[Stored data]
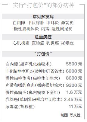 记者梳理发现101种病种中有白内障、甲状腺肿、中耳炎、鼻窦炎、慢性扁桃体炎、内痔、急性阑尾炎等这些市民较熟悉的多发病,还有心肌梗塞、直肠癌、乳腺癌、尿毒症这些危重疾症。“打包价”如白内障(超声乳化抽吸术)5500元,慢性扁桃体炎(扁桃体切除术)8600元,乳腺癌(单侧乳房根治性切除术)24500元,尿毒症(肾移植)11万元等。
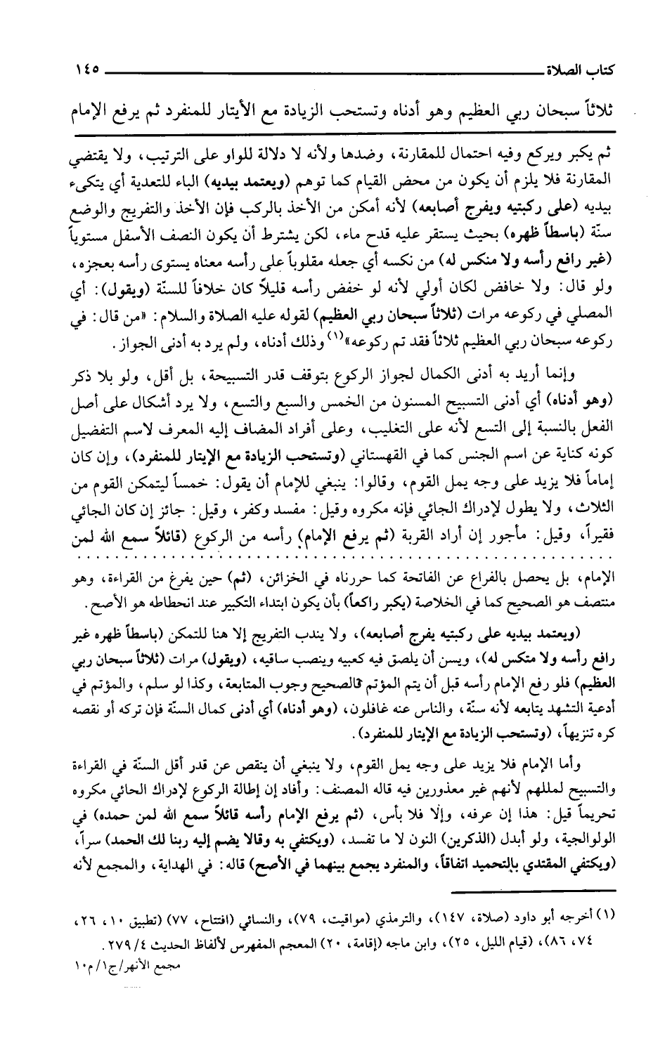 ثَلَاثًا سُبْحَانَ رَبِّي الْعَظِيم وَهُوَ أدناه وتستحب الزِّيَادَة مَعَ الأيتار للمنفرد ثمَّ يرفع الإِمَام
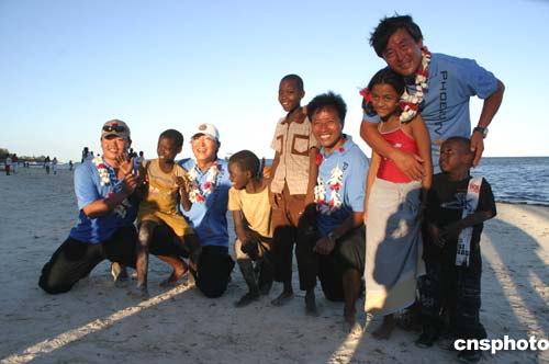 香港鳳凰衛(wèi)視“鳳凰號”單桅帆船完成鄭和下西洋航程十六日抵達(dá)肯尼亞蒙巴薩港,圖為“鳳凰號”隊(duì)員們十九日與肯尼亞兒童在一起。作者:邢健
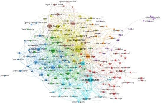 The analysis of the most commonly used keywords in the field of agricultural finance is essential for understanding the trends and evolution of research in this area. By identifying keywords, one can observe the key aspects of agricultural finance, such as funding sources, sustainability, green technologies, and relevant public policies. Moreover, this analysis can help identify research gaps, future study directions, and the impact of political decisions on the agricultural sector. It can also assist decision-makers in better understanding how to allocate financial resources to support the development of a sustainable and efficient agriculture. The pattern of keyword occurrences across various studies can help identify key research directions for future investigations [59]. A co-occurrence network of keywords is created using the VOSviewer visualization tool, producing a dimensional map [61]. With VOSviewer, it is possible to generate a keyword map based on both automatically selected keywords, determined by their frequency in the text, and keywords suggested by the author [61,62,63,64,65,66,67].
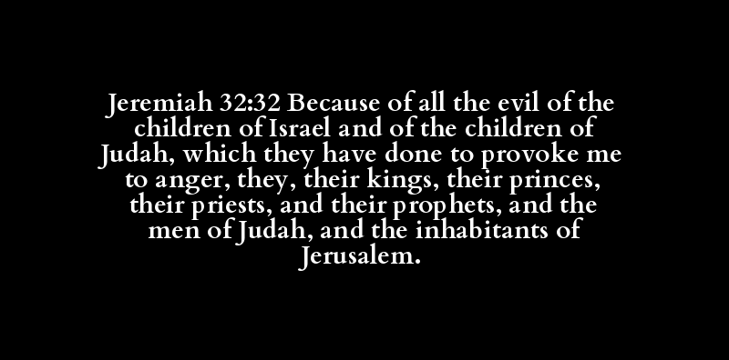 Jeremiah 32:32 Because of all the evil of the children of Israel and of the children of Judah, which they have done to provoke me to anger, they, their kings, their princes, their priests, and their prophets, and the men of Judah, and the inhabitants of Jerusalem.

▸ Prompt
What is needed here is an exact transcript of the data above, pictures excluded.

▸ Solution to this exercise
 记者梳理发现101种病种中有白内障、甲状腺肿、中耳炎、鼻窦炎、慢性扁桃体炎、内痔、急性阑尾炎等这些市民较熟悉的多发病,还有心肌梗塞、直肠癌、乳腺癌、尿毒症这些危重疾症。“打包价”如白内障(超声乳化抽吸术)5500元,慢性扁桃体炎(扁桃体切除术)8600元,乳腺癌(单侧乳房根治性切除术)24500元,尿毒症(肾移植)11万元等。
 ثَلَاثًا سُبْحَانَ رَبِّي الْعَظِيم وَهُوَ أدناه وتستحب الزِّيَادَة مَعَ الأيتار للمنفرد ثمَّ يرفع الإِمَام
 香港鳳凰衛(wèi)視“鳳凰號”單桅帆船完成鄭和下西洋航程十六日抵達(dá)肯尼亞蒙巴薩港,圖為“鳳凰號”隊(duì)員們十九日與肯尼亞兒童在一起。作者:邢健
 The analysis of the most commonly used keywords in the field of agricultural finance is essential for understanding the trends and evolution of research in this area. By identifying keywords, one can observe the key aspects of agricultural finance, such as funding sources, sustainability, green technologies, and relevant public policies. Moreover, this analysis can help identify research gaps, future study directions, and the impact of political decisions on the agricultural sector. It can also assist decision-makers in better understanding how to allocate financial resources to support the development of a sustainable and efficient agriculture. The pattern of keyword occurrences across various studies can help identify key research directions for future investigations [59]. A co-occurrence network of keywords is created using the VOSviewer visualization tool, producing a dimensional map [61]. With VOSviewer, it is possible to generate a keyword map based on both automatically selected keywords, determined by their frequency in the text, and keywords suggested by the author [61,62,63,64,65,66,67].
 Jeremiah 32:32 Because of all the evil of the children of Israel and of the children of Judah, which they have done to provoke me to anger, they, their kings, their princes, their priests, and their prophets, and the men of Judah, and the inhabitants of Jerusalem.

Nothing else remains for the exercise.